**TASK DESCRIPTION:**
Beginning with the line that contains "Spilgts duplekss ar" and ending with the line that contains "이 책을 집필한 증시각도기", reproduce the lines of the entries below exactly, omitting pictures.

**DATA UNDER STUDY:**
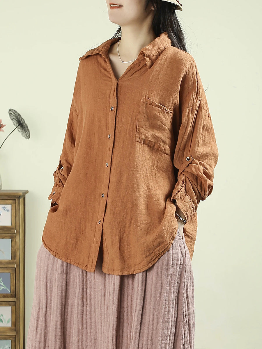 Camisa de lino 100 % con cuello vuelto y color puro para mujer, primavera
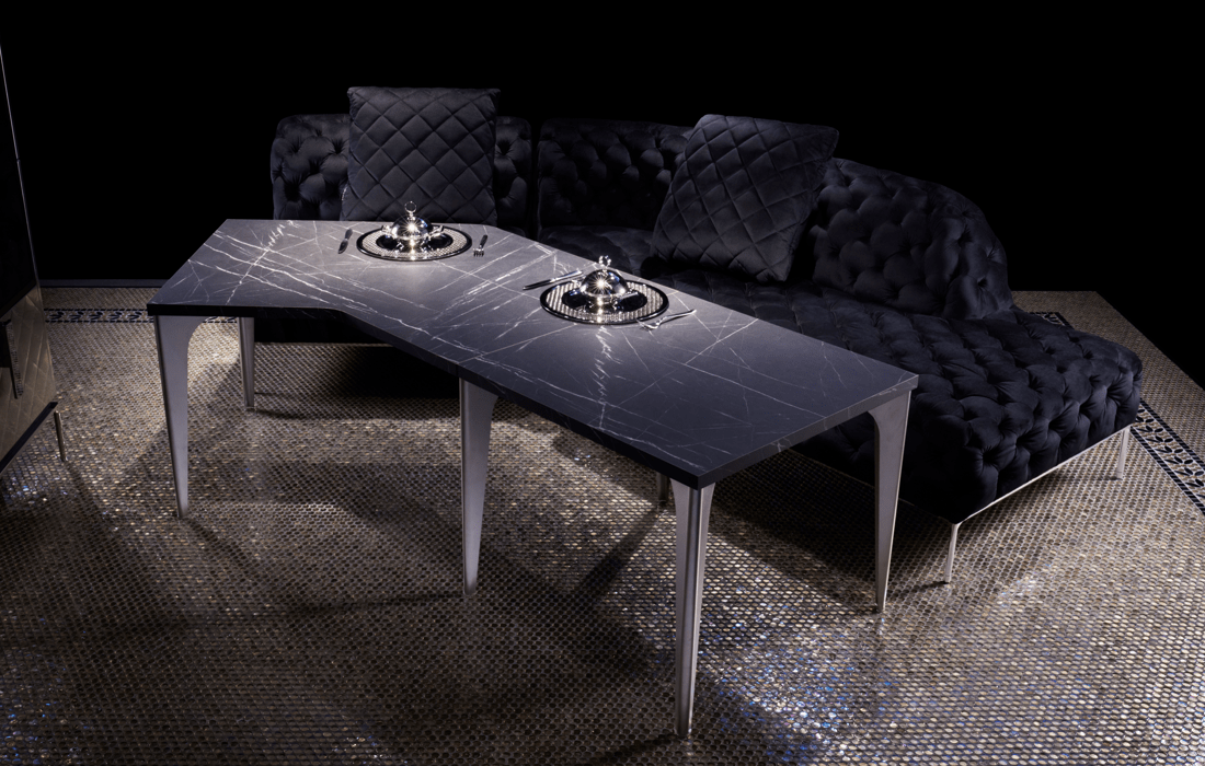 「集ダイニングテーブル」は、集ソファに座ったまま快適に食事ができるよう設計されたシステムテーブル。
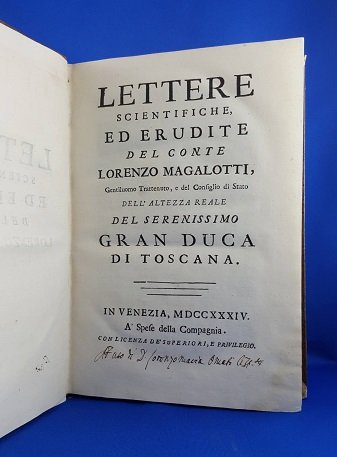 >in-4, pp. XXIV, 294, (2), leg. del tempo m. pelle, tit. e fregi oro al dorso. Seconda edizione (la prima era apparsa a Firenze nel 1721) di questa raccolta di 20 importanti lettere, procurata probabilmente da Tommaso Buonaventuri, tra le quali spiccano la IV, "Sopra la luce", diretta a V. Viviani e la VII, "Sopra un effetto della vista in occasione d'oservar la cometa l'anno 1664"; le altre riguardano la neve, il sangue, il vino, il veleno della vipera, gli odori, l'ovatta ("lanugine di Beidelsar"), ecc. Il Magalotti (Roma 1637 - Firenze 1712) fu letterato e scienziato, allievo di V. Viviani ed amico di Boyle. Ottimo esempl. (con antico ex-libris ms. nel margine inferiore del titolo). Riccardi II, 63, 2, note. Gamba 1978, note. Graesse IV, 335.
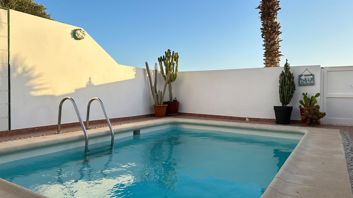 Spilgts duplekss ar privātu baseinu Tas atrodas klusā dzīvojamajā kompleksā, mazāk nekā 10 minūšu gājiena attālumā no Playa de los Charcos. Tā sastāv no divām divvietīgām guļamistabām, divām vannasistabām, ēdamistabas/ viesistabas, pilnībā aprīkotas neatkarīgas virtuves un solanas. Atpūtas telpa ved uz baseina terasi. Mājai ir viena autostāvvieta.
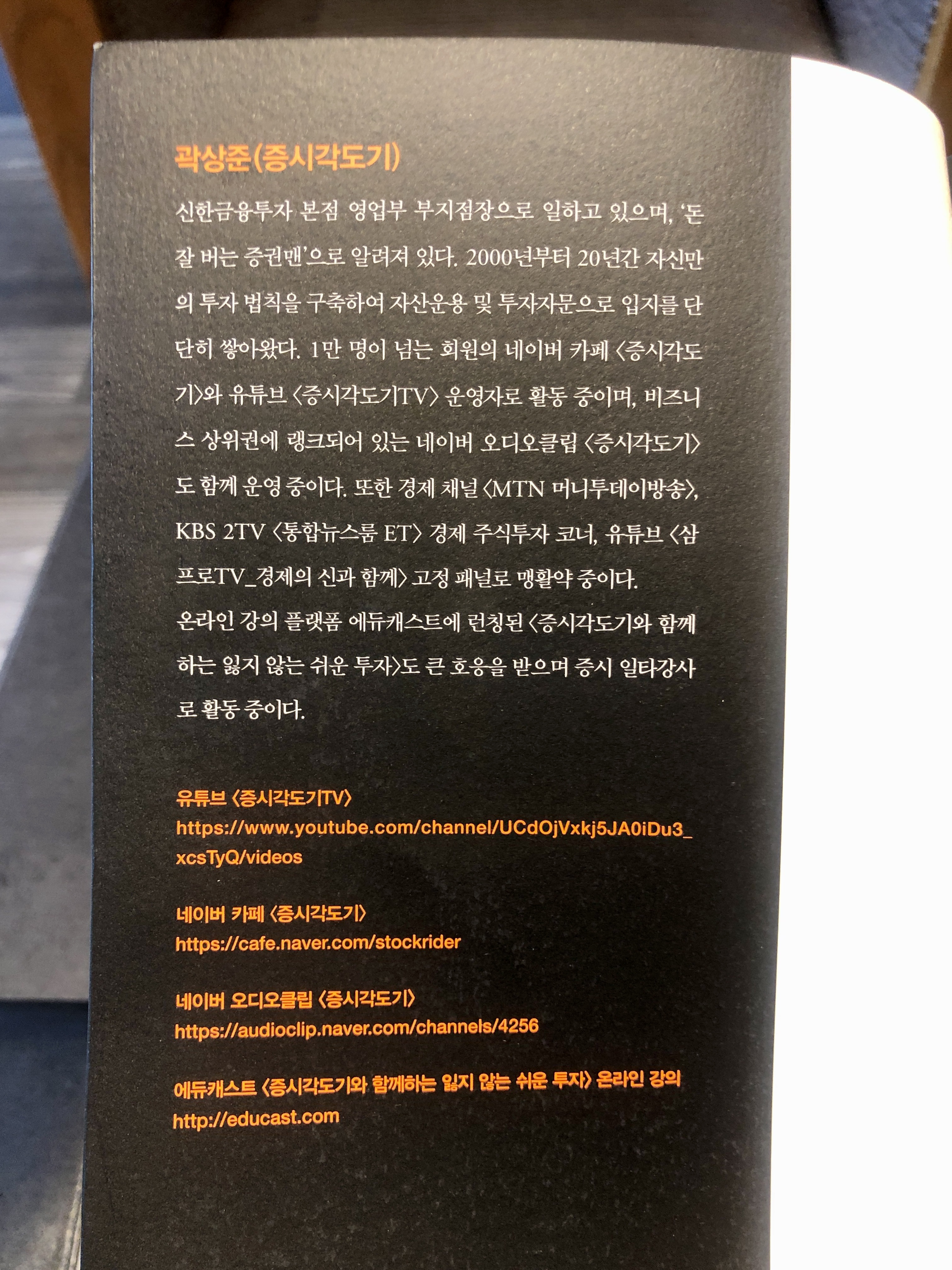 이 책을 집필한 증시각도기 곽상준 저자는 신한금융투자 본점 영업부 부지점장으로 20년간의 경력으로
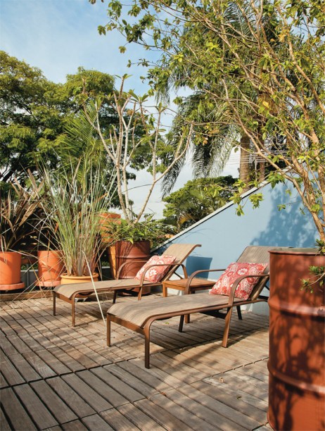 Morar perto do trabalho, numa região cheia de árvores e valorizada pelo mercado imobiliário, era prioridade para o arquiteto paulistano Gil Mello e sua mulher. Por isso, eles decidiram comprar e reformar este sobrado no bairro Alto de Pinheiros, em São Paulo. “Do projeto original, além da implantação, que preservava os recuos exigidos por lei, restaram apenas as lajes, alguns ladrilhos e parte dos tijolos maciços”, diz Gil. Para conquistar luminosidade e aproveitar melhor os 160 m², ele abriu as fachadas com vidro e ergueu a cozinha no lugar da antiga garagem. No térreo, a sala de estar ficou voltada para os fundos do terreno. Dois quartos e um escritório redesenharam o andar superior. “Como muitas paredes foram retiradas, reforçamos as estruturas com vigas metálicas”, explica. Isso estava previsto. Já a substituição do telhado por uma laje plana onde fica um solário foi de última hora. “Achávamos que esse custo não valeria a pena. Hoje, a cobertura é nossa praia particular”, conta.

**SOLUTION TO THIS TASK:**
 Spilgts duplekss ar privātu baseinu Tas atrodas klusā dzīvojamajā kompleksā, mazāk nekā 10 minūšu gājiena attālumā no Playa de los Charcos. Tā sastāv no divām divvietīgām guļamistabām, divām vannasistabām, ēdamistabas/ viesistabas, pilnībā aprīkotas neatkarīgas virtuves un solanas. Atpūtas telpa ved uz baseina terasi. Mājai ir viena autostāvvieta.
 이 책을 집필한 증시각도기 곽상준 저자는 신한금융투자 본점 영업부 부지점장으로 20년간의 경력으로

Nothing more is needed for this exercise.